● EXERCISE OBJECTIVE:
Please repeat the lines below, exactly and only, from the one that holds "Japan Tommy Tommas" through the one that holds "Kit softbox 60x60cm".

● PROVIDED DATA:
=== Begin Enclosure ===

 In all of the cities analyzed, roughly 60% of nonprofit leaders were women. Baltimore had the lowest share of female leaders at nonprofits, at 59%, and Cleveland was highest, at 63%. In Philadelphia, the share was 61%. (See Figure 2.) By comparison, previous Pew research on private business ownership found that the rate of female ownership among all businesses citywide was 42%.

=== End Enclosure ===
=== Begin Enclosure ===

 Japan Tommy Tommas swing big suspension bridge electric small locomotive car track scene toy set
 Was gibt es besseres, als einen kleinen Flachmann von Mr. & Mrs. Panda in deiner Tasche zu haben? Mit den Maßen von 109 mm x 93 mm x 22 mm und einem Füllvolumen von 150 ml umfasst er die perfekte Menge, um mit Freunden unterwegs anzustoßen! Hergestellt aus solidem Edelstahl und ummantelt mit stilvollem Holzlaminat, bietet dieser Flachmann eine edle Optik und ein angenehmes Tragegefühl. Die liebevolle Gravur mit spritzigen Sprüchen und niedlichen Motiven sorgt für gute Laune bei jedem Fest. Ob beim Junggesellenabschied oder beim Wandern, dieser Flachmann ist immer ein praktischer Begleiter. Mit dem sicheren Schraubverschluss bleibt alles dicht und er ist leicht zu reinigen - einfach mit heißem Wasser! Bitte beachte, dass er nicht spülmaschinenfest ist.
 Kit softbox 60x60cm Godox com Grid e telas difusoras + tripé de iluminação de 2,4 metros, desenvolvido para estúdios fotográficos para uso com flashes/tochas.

=== End Enclosure ===

● RESULT OF THIS TASK:
 Japan Tommy Tommas swing big suspension bridge electric small locomotive car track scene toy set
 Was gibt es besseres, als einen kleinen Flachmann von Mr. & Mrs. Panda in deiner Tasche zu haben? Mit den Maßen von 109 mm x 93 mm x 22 mm und einem Füllvolumen von 150 ml umfasst er die perfekte Menge, um mit Freunden unterwegs anzustoßen! Hergestellt aus solidem Edelstahl und ummantelt mit stilvollem Holzlaminat, bietet dieser Flachmann eine edle Optik und ein angenehmes Tragegefühl. Die liebevolle Gravur mit spritzigen Sprüchen und niedlichen Motiven sorgt für gute Laune bei jedem Fest. Ob beim Junggesellenabschied oder beim Wandern, dieser Flachmann ist immer ein praktischer Begleiter. Mit dem sicheren Schraubverschluss bleibt alles dicht und er ist leicht zu reinigen - einfach mit heißem Wasser! Bitte beachte, dass er nicht spülmaschinenfest ist.
 Kit softbox 60x60cm Godox com Grid e telas difusoras + tripé de iluminação de 2,4 metros, desenvolvido para estúdios fotográficos para uso com flashes/tochas.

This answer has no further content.